### Input data
——————

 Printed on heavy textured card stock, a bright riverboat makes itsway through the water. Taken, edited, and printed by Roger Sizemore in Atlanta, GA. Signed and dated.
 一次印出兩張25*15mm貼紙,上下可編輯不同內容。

——————

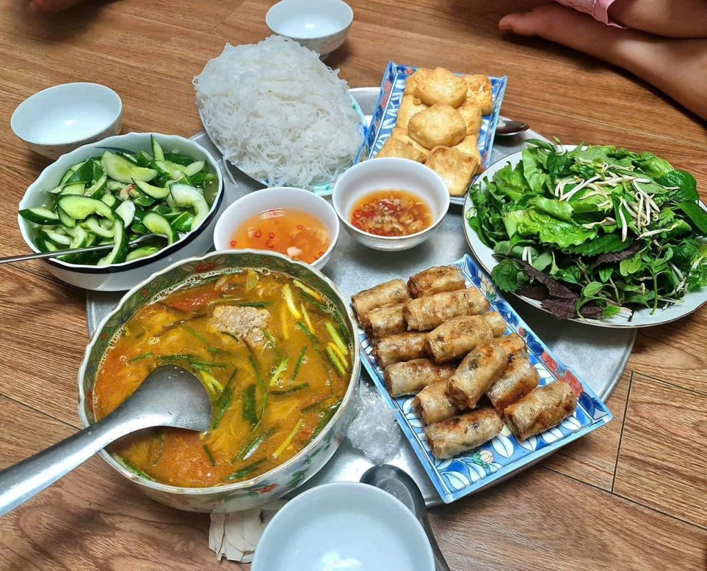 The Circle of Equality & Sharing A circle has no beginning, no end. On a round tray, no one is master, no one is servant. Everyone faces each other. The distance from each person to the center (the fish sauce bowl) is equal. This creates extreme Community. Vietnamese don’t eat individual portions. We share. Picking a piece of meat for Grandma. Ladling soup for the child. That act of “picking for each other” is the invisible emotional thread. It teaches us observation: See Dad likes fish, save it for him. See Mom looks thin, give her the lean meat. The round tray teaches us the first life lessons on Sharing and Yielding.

——————

### Assignment
An exact copy of the lines above, from the one containing "Printed on heavy" through the one containing "一次印出兩張25*15mm貼紙,上下可編輯不同內容。", is the whole of the answer.

### Exercise output
 Printed on heavy textured card stock, a bright riverboat makes itsway through the water. Taken, edited, and printed by Roger Sizemore in Atlanta, GA. Signed and dated.
 一次印出兩張25*15mm貼紙,上下可編輯不同內容。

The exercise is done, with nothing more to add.